Prof Nicholas Ostler, a renowned linguist meets AMU VC
ALIGARH December 23: Prof. Nicholas Ostler, a British linguist, scholar, author and currently the Chairman of the Foundation for Endangered Languages, who is visiting the Department of Linguistics, Aligarh Muslim University as a foreign resource person under the MHRD?s programme, Global Initiative of Academic Networks (GIAN), today met AMU Vice Chancellor, Prof. Tariq Mansoor in his office and discussed various facets of linguistic diversity and issues of language endangerment both within and outside India.
Prof Ostler has delivered a series of lectures at the University and also conducted two workshops for the participants drawn from different universities.
Prof Ostler received degrees in Greek, Latin, philosophy and economics and later studied under Noam Chomsky at the Massachusetts Institute of Technology, where he earned his Ph.D. in linguistics and Sanskrit.
Prof Ostler?s book Empires of the Word: A Language History of the World (HarperCollins: London and New York, 2015) documents the spread of language throughout recorded human history and explains the spread of the various Semitic languages of Mesopotamia, including Akkadian and Aramaic. It also examines the resilience of Chinese through the centuries and looks into the differential expansion of Latin in both halves of the Roman Empire, along with the many other expansions of the world's (historical) languages.

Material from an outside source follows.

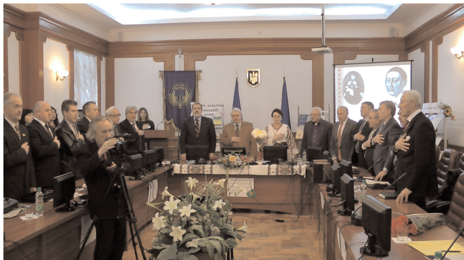
Виконання державного гімну на відкритті конференції у 2014 р., організатором якої є кафедра культури української мови

Кожен наш співвітчизник має усвідомити силу української мови, її першорядне значення в процесах розбудови національної держави, її вагу в духовному бутті всього українського народу й кожного з-посеред нас зокрема. “Слово – це Божа матеріалізація світу з першопочатком у ньому самому (себто у Богові). Через Слово постала Людина, Народ, Нація, Держава. Однак, отримавши цей найвищий дар, себто духовну матеріалізацію у слові, людина здебільшого перетворює мову на банальний засіб спілкування, зрештою, як і життя – лише на факт існування з малими чи великими матеріальними потребами. Через те тільки у руках великої людини слово сильніше за меч, а відтак лише в руках сильної влади воно, наче клей, з'єднує малі й великі країни. Отож, мова і життя у визначальному – тожодні” (Ірина Фаріон).

His book Ad Infinitum: A Biography of Latin (HarperCollins, UK, and Walker & Co., USA: London and New York, 2017) looks specifically at the language of the Romans, both before and after the existence of their Empire. The story focuses on the rise, spread, and dominance of Latin, both among other languages of the Italian peninsula in the early part of the 1st millennium BC and among the languages of Western Europe in the Dark Ages and beyond, presenting the life of Latin as any biographer would present the life of his subject. With this book, Ostler provides a strong argument against the label 'dead language' so often assigned to Latin. However, the title, 'Ad Infinitum,' refers not to this, but to his thesis that the Latin-speaking world was unconscious of its own limits, looking always back to its centre, rather than outwards.
Prof Ostler?s other books include The Last Lingua Franca: English until the Return to Babel. (Penguin in the UK, and Bloomsbury/Walker Books in the USA. London and New York, 2010) and Passwords to Paradise: How Languages Have Re-invented World Religions. (Bloomsbury. London and New York, 2016).